The same is achieved with:

//h1[not(contains(@class, 'logo'))][not(contains(@class, 'hidden'))]

Every nth element

(//a[contains(@rel, 'bookmark')])[2]returns one element, whereas //a[contains(@rel, 'bookmark')][2] returns no elements. This is because [] has precedence over // operator. For more details please check this stackoverflow answer.

Find the parent element that has child element that meets certain conditions

Descendant

//h2/a returns anchor element that is direct child of h2, whereas //h2//a returns anchor element that is just child in h2, could be direct or indirect. It is the same as //h2/descendant-or-self::a

The following expression finds the anchor element that is descendant of h2 element and that contains the text Awesome Online Resources for Software Testing.

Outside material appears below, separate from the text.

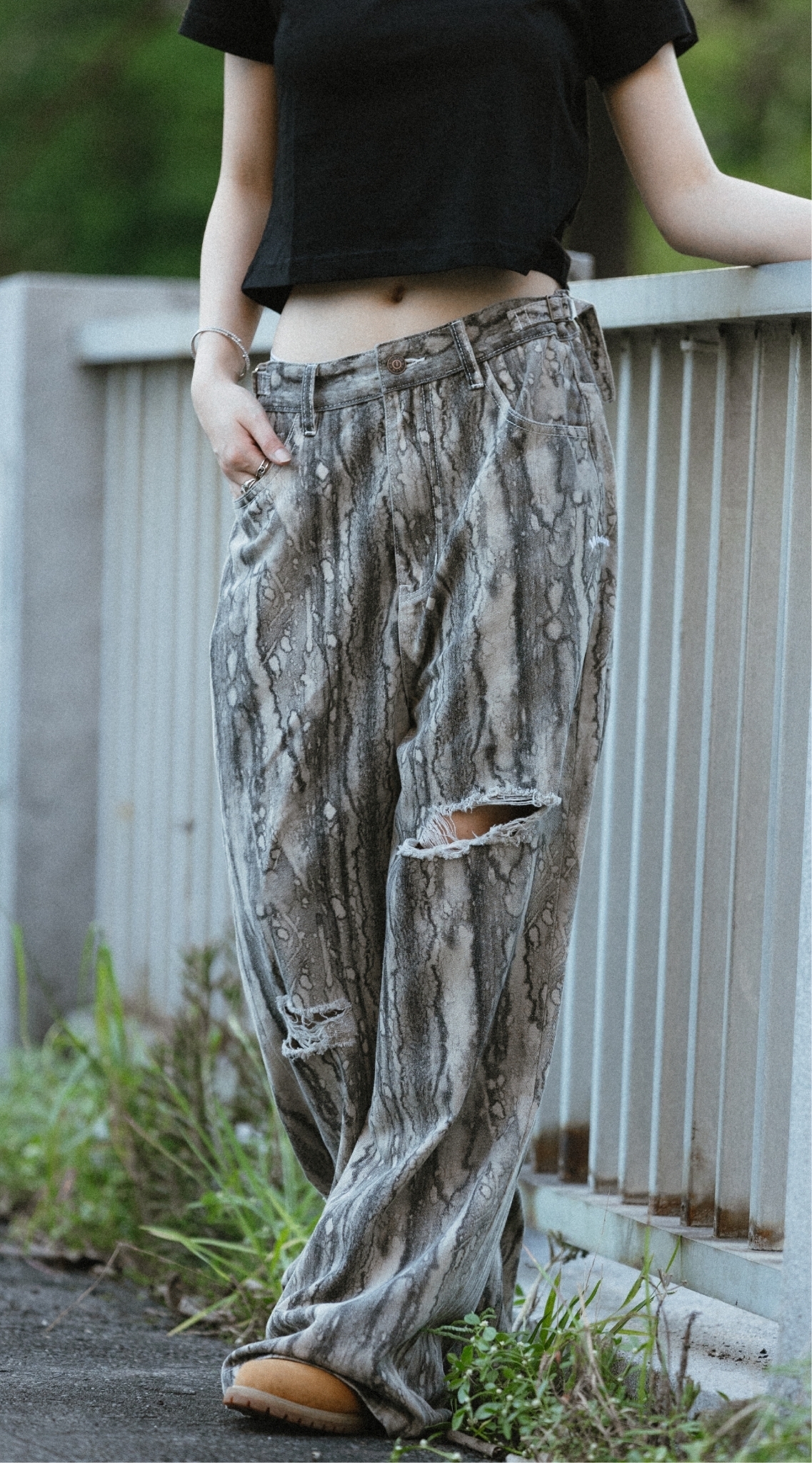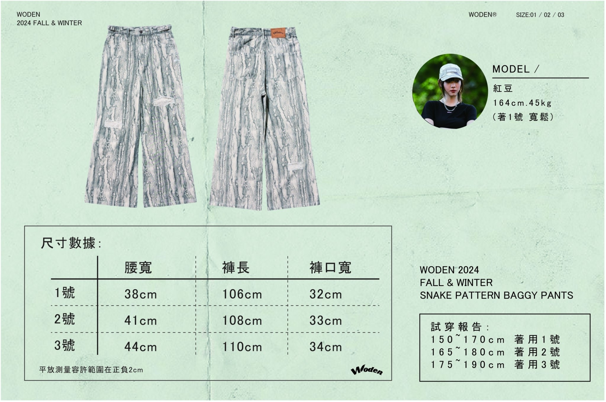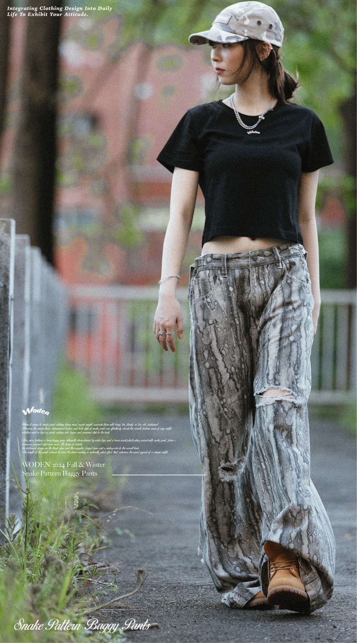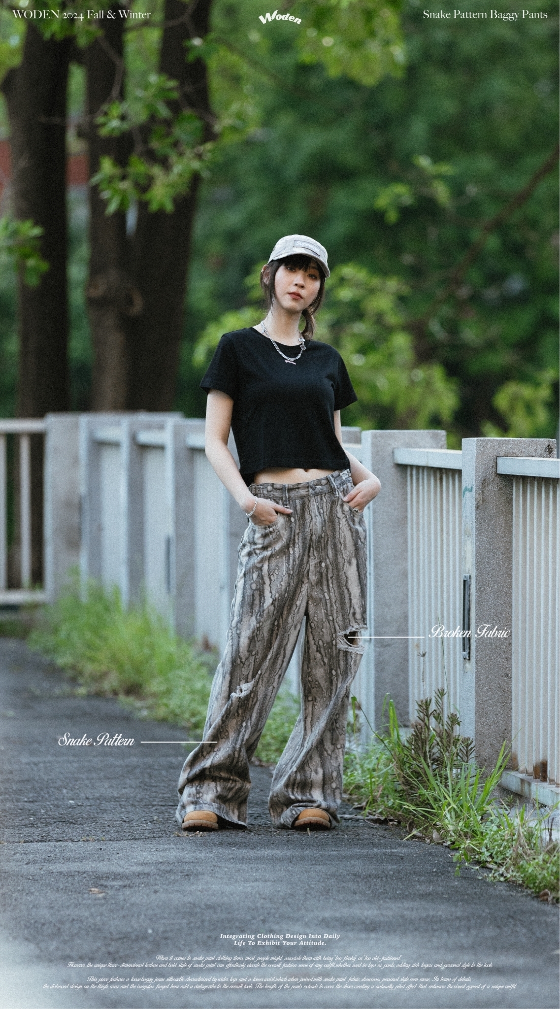 WODEN 2024 Fall & Winter 030 Snake Pattern Baggy Pants

//h2//a[contains(text(), 'Awesome Online Resources for Software Testing')]

The following expression returns the h2 element that has descendant anchor element that contains the text between the single quotes:

//h2[descendant::a[contains(text(), 'Awesome Online Resources for Software Testing')]]also returns the same h2 element  in our test page as:

//h2[@class='entry-title'][.//descendant::a[contains(text(),'Awesome Online Resources for Software Testing')]]

Parent

//a/parent::article returns the article element that is a parent of an anchor element.

Both single and double quotes could be used in XPath expressions. I personally prefer single quote syntax, because in C# you use double quotes for strings and if you have double quotes in the expression you should escape them in the C# string.

Ancestor

//a/ancestor-or-self::articlereturns the article element that is an ancestor of an anchor element.

Sibling

The following returns div element with partial class entry-summary, which preceding sibling element is with header tag, with exact class entry header.

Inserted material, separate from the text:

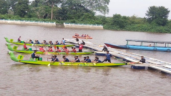 Team Dayung dari Pelabuhan  Lasdap hingga Finish di Tepian Bandar Sungai Jantan  dengan Jarak Tempuh 500m.

//div[contains(@class,'entry-summary')][.//preceding-sibling::header[@class='entry-header']]

//h2/following-sibling::div returns div element that is the following sibling of a h2 element.

Several conditions combinations

Try to predict what will return the following expressions, without looking at the answers a little bit below:

  1. //a[@rel='bookmark'][contains(text(),'Online')]
  2. //div[contains(@class,'content-area')]//a[contains(@href,'online') and contains(text(),'Awesome')]
  3. //header[.//descendant::a[contains(text(),'Highlights') or contains(text(),'Awesome')]]
  4. //article[(contains(@class,'type-post') and contains(@class,'tag-conferences')) or not(contains(@class,'category-resources'))]

Answers:

  1. Returns an anchor element that has attribute rel that equals bookmark AND contains text Online.
  2. The result is an anchor element that has parent div with partial class content-area AND contains partial href online and contains text Awesome.
  3. Returns header element that has descendant anchor element with either text Highlights or Awesome.
  4. As a result 7 article elements are returned that meet the three class predicates – two positive and one negative.

Test XPath Expressions

You can use browser developer console, browser plugin or online resources to test your XPath expressions.

Most of the time I test XPath expressions in the Chrome developer console. In order to do this, follow the steps:

  1. Open in Chrome the page used in this article for testing expressions https://qamag.net/wp-content/uploads/2017/12/XPath-Test-Page.html  or any other page you want to test with.
  2. Press F12.
  3. Ensure you are at Elements Tab (It is shown by Default).
  4. Press Ctrl+F.
  5. Enter or paste your expression in the input that appears, and if there is a match, the first element that is matched will be colored in yellow.

Test XPath Expression Chrome Dev Console

Relative XPath Helper and XPath Helper are useful and easy to use Chrome extensions for testing and generating of XPath expressions with simple mouse clicks.

You can also test online expressions on https://scrapinghub.github.io/xpath-playground/ or on https://www.freeformatter.com/xpath-tester.html.

Summary

XPath expressions add flexibility in locating elements. Usually there is more than one expression, that is readable, flexible and identifies uniquely an element. We need this in order to have stable and easy to maintain automation tests.